Well, Swan thought. Here they were. Nothing to be done, except to wait. Waiting was never her preferred mode. Typically there was more to do than she had time for, so that she was always in a rush. Now it seemed long for a rescue from an evacuation. As they had been bailing out, there had been talk of ships in the area. Maybe Wahram had been knocked off in a strange direction; Swan had followed without any sense of that. Possibly they were leaving the plane of the ecliptic, thus the path of any ships coming to the rescue. Maybe the poor destroyed yacht was the only one in their area, and they would have to wait until all the other evacuees had been mopped up.
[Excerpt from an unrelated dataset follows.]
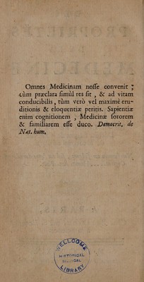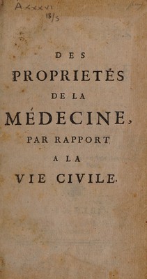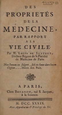 Credit: Des proprietés de la médecine, par rapport a la vie civile / [Louis de Santeul]. Source: Wellcome Collection.
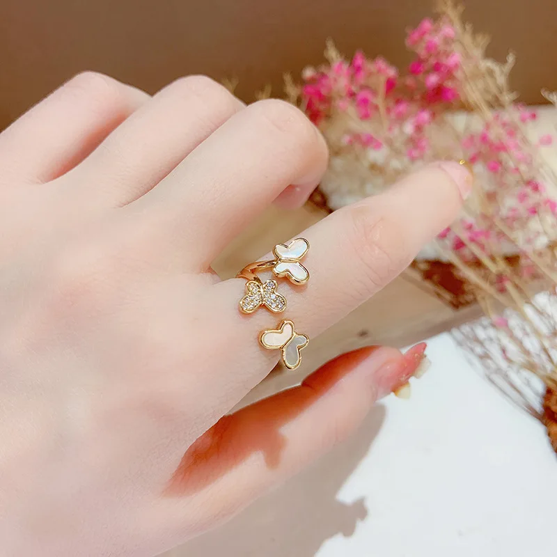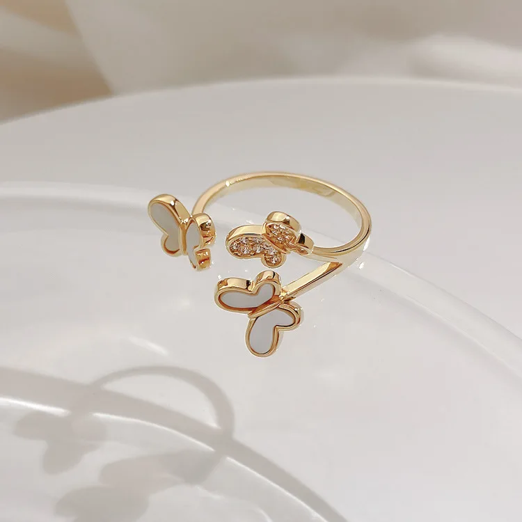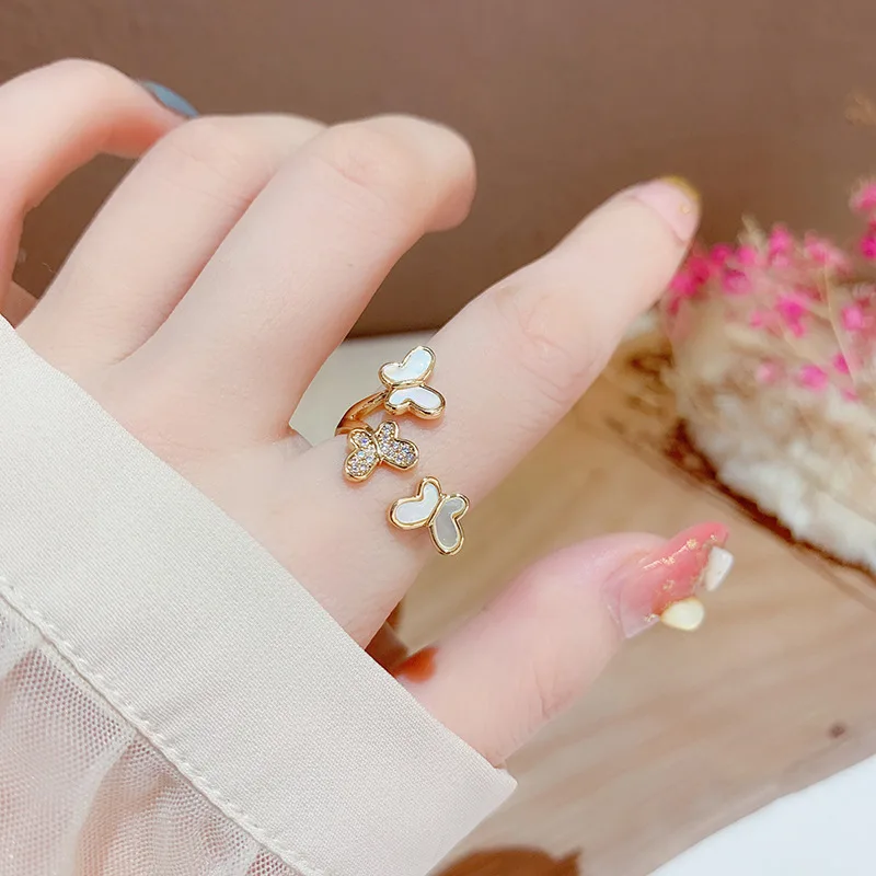 2020 в Корейском стиле; Новая стильная текстильная спортивная обувь темперамент броши в виде бабочки из раковины открытие кольцо Модные Простые универсальные кольцо женских украшений

The destruction of the little yacht was likely to be one of the chief sources of casualties in the whole affair, so surely that would attract attention. They would know they hadn’t collected everybody; they would keep looking; these suits had powerful transponders in them. Being out of the ecliptic thus probably best explained the delay. Or maybe picking everyone up was just taking a while. The last acceleration of the ETH Mobilemight have meant it was going at a speed higher than most spaceships could reach when the last people left it, in which case the people were too. If everything was as it was supposed to be, then all the suits would support their occupants for ten days, and they had only been out there only, what—she had to ask Pauline—twenty hours. It seemed longer, shorter—she couldn’t tell. Venus was definitely a little bigger. Swan recalled stories of castaways, adrift unfound, frozen for the eons. How many had gone that way in the history of the world? Scores, hundreds, thousands? She heard in her head the chorus of the old Martian song:

I floated thinking of Peter

Sure I would be saved

But the stories lie

I’m left to die

Black space will be my grave

No doubt many of those unfortunates had drifted expecting till the end they would be saved. Hope drained away more slowly than the air and food in their suits; they would recall the story of Peter circling Mars, or some other marooned person who got rescued, and believe a little spaceship would presently appear and hover before them like a UFO, like redemption, like life itself. But for many it had never come, and at some last point they had had to admit that the story was false, or not true for them. True for others, but not for them; the others elect, they the preterite, the lost ones. The forgotten ones. Thus the stark Martian song.